TASK — Only an exact repeat of the listing, without its images, counts as the answer.

SOURCE MATERIAL —
———
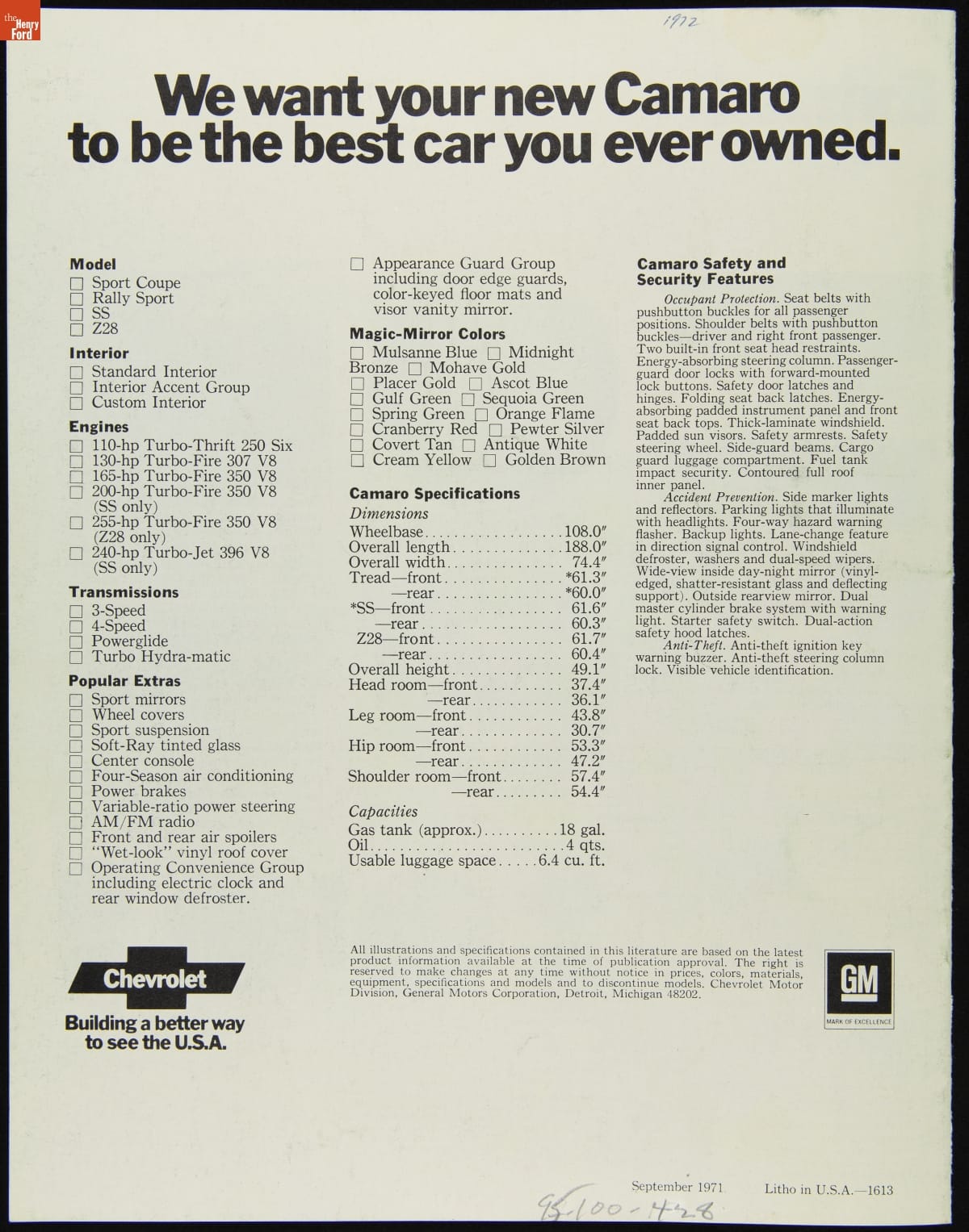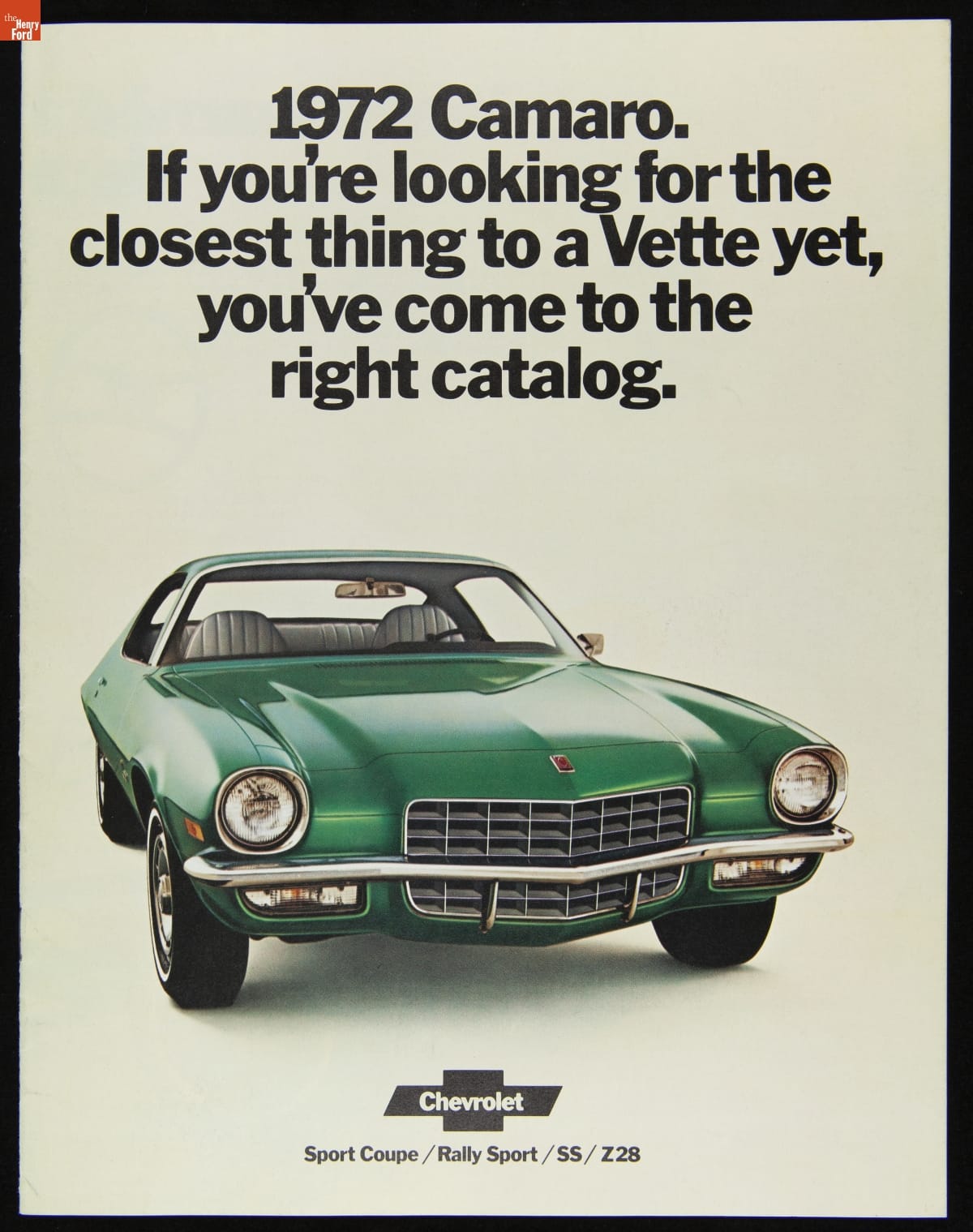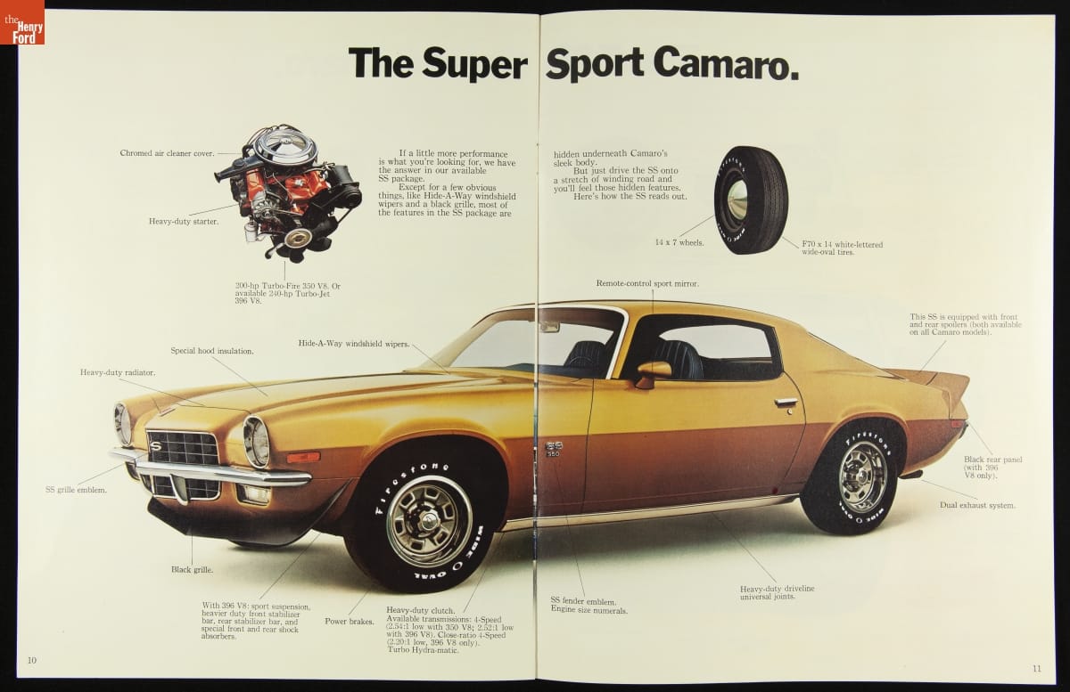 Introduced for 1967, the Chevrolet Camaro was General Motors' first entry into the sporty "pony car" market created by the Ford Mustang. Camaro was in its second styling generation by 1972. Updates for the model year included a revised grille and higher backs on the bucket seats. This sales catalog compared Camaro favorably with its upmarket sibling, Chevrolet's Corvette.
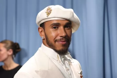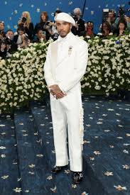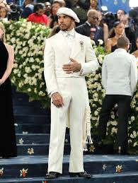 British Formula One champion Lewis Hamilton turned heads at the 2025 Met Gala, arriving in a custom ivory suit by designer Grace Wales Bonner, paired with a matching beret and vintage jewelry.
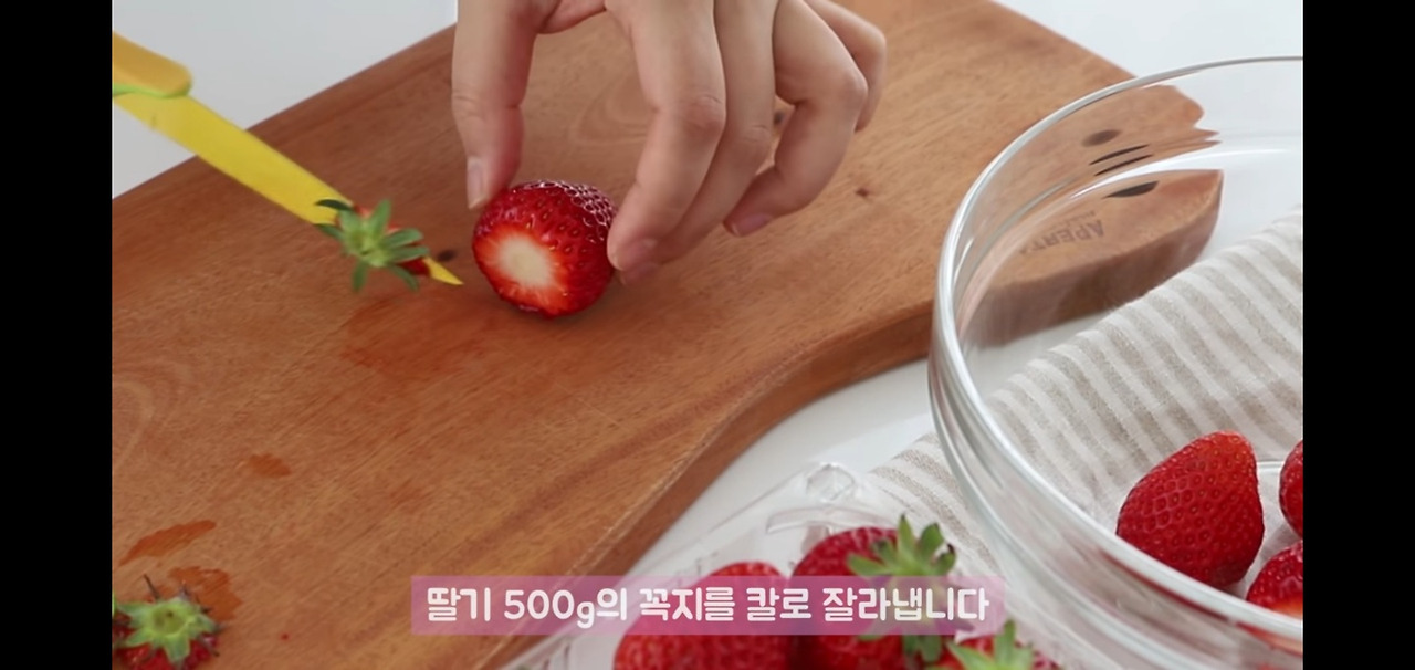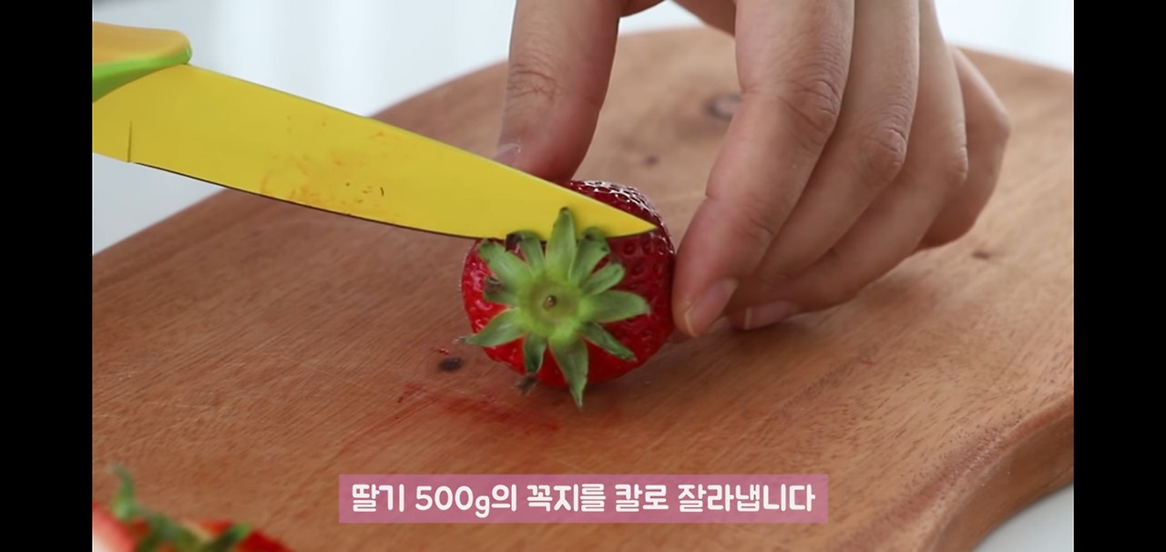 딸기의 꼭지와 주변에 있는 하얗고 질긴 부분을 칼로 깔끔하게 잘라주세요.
———
WRITTEN SOLUTION —
 Introduced for 1967, the Chevrolet Camaro was General Motors' first entry into the sporty "pony car" market created by the Ford Mustang. Camaro was in its second styling generation by 1972. Updates for the model year included a revised grille and higher backs on the bucket seats. This sales catalog compared Camaro favorably with its upmarket sibling, Chevrolet's Corvette.
 British Formula One champion Lewis Hamilton turned heads at the 2025 Met Gala, arriving in a custom ivory suit by designer Grace Wales Bonner, paired with a matching beret and vintage jewelry.
 딸기의 꼭지와 주변에 있는 하얗고 질긴 부분을 칼로 깔끔하게 잘라주세요.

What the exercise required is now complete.